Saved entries

□ □ □

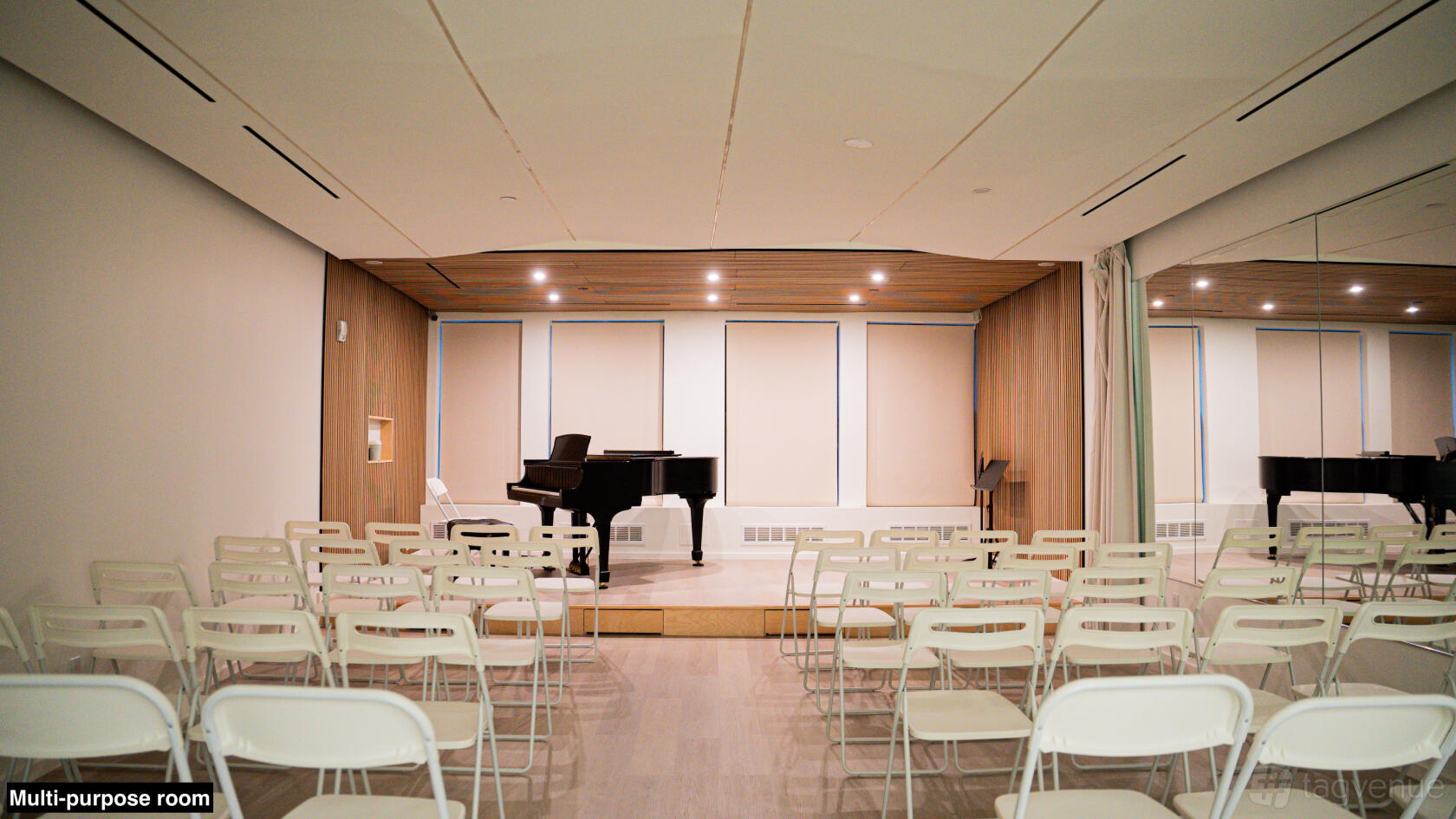 Bright, open, and adaptable, our Multipurpose Room is perfect for workshops, rehearsals, meetings, small performances, and creative gatherings. The space features WiFi, a TV/projector, Bluetooth speakers, blackout curtains, a large mirror (with optional curtain cover), and foldable furniture to suit your setup.
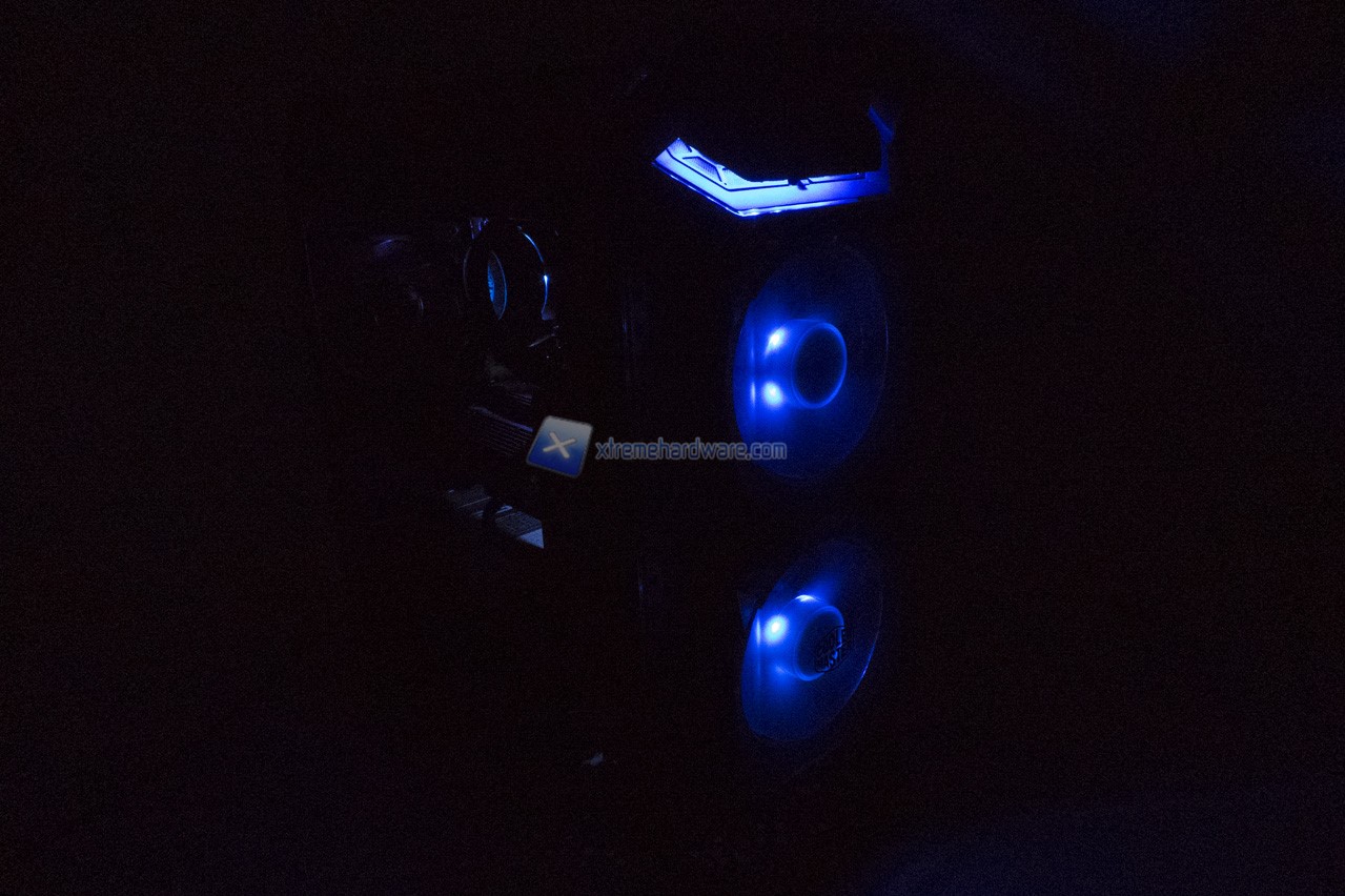 Vi lasciamo anche a qualche scatto della retroilluminazione RGB delle ventole. Ventole controllabili tramite controller incluso nel bundle con connettore SATA o eventualmente gestibili anche da software proprietario della scheda madre una volta collegato il cavo del pannello I/O. Cambio colori e effetto tramite tasto Reset a seguire.
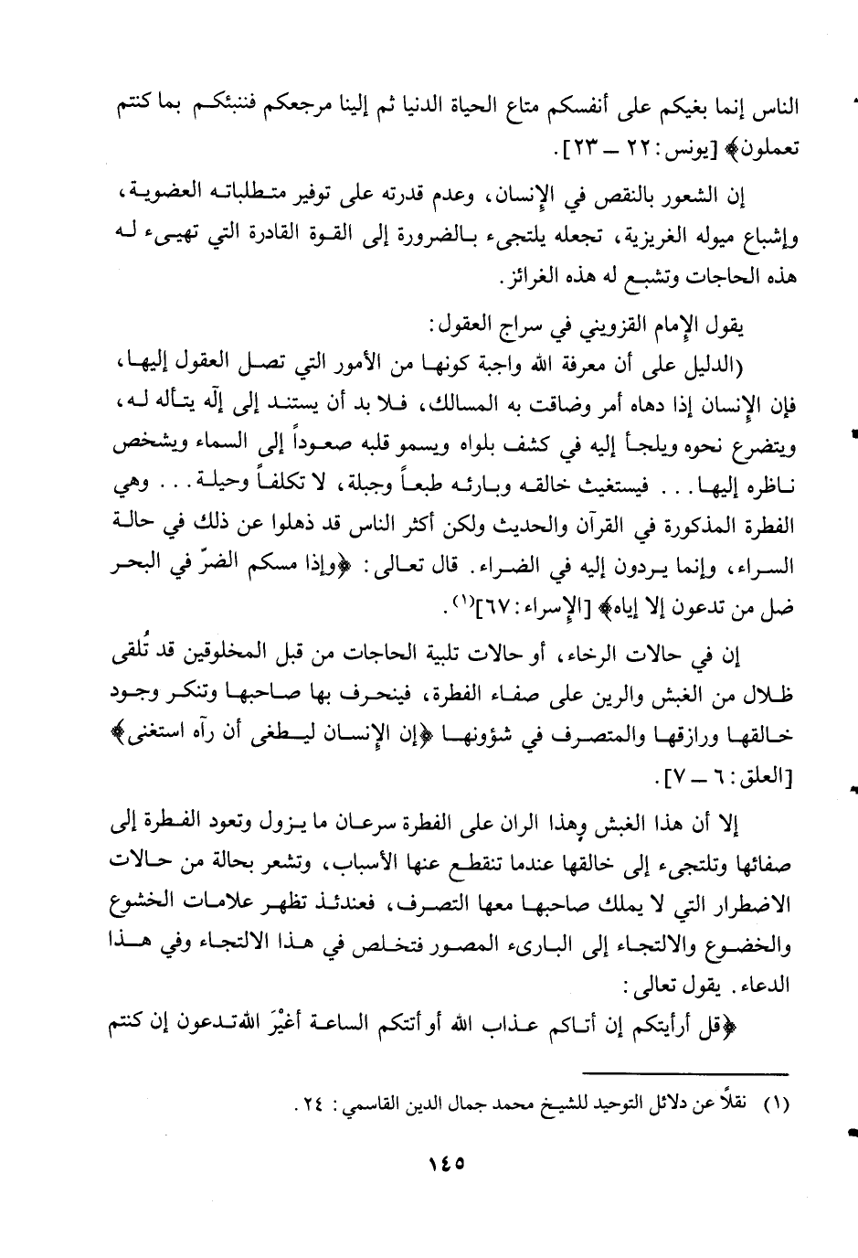 1 دلائل التوحيد للشيخ محمد جمال الدين القاسمي: 55 باختصار.
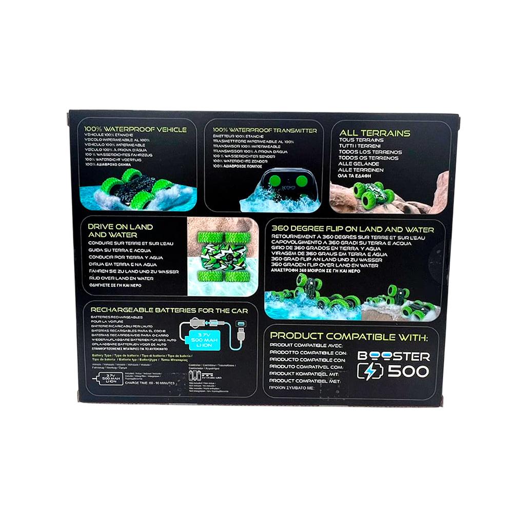 The entire vehicle is fully waterproof, allowing a smooth transition between land and water. Optimized for driving on land, swimming in water and handling wet surfaces. Capable of performing stunts, flipping in both directions, on land and in the water.
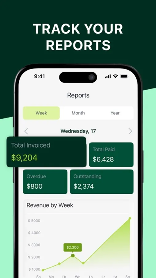 • Reports — Gain valuable insights into your income and business performance. Analyze your revenue by Week, Month, or Year. Track amounts, invoice statuses, and visualize your data with easy-to-read charts. Make smarter financial decisions at a glance.
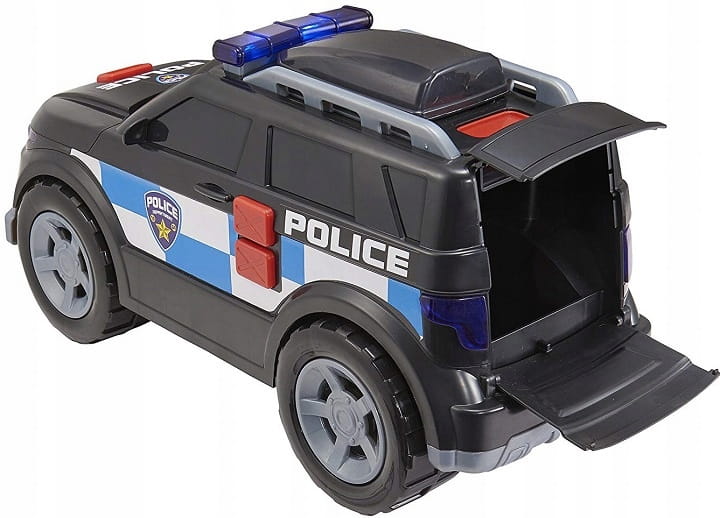 Pojazd doskonale odzwierciedla prawdziwy terenowy wóz policyjny, ma 34 cm długości i utrzymany jest w czarnej kolorystyce. Wóz wydaje sygnał świetlny i dźwiękowy - prawdziwa frajda dla malucha!
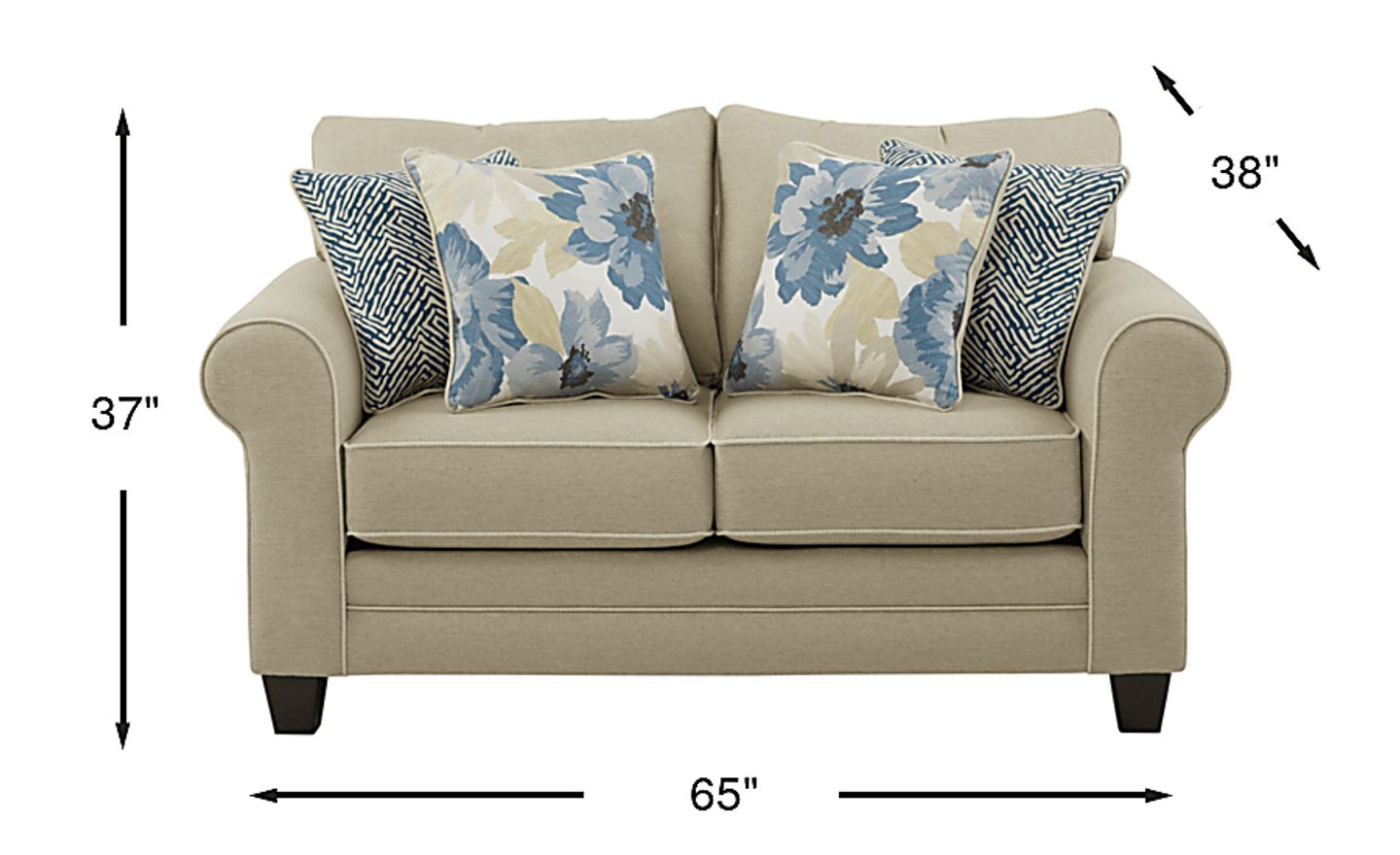 Cozy and charming, the Spring Blooms loveseat is just the place to spend a lazy afternoon. Featuring plush roll arms, this lovely seat is covered in neutral beige woven fabric, given a tailored appearance by contrasting cream welt detail. Included accent pillows showcasing contemporary geometric and oversized floral prints liven up this loveseat, while sleek tapered wood legs contribute a clean, design element. Back and seat cushions are reversible. 100% Polypropylene

□ □ □

- _DIRECTIONS_: A picture must not appear in the copy. Transcribe exactly the lines from the one with "at a glance." through the final line of the entries, both included, and no more.

- _EXPECTED OUTPUT_:
 • Reports — Gain valuable insights into your income and business performance. Analyze your revenue by Week, Month, or Year. Track amounts, invoice statuses, and visualize your data with easy-to-read charts. Make smarter financial decisions at a glance.
 Pojazd doskonale odzwierciedla prawdziwy terenowy wóz policyjny, ma 34 cm długości i utrzymany jest w czarnej kolorystyce. Wóz wydaje sygnał świetlny i dźwiękowy - prawdziwa frajda dla malucha!
 Cozy and charming, the Spring Blooms loveseat is just the place to spend a lazy afternoon. Featuring plush roll arms, this lovely seat is covered in neutral beige woven fabric, given a tailored appearance by contrasting cream welt detail. Included accent pillows showcasing contemporary geometric and oversized floral prints liven up this loveseat, while sleek tapered wood legs contribute a clean, design element. Back and seat cushions are reversible. 100% Polypropylene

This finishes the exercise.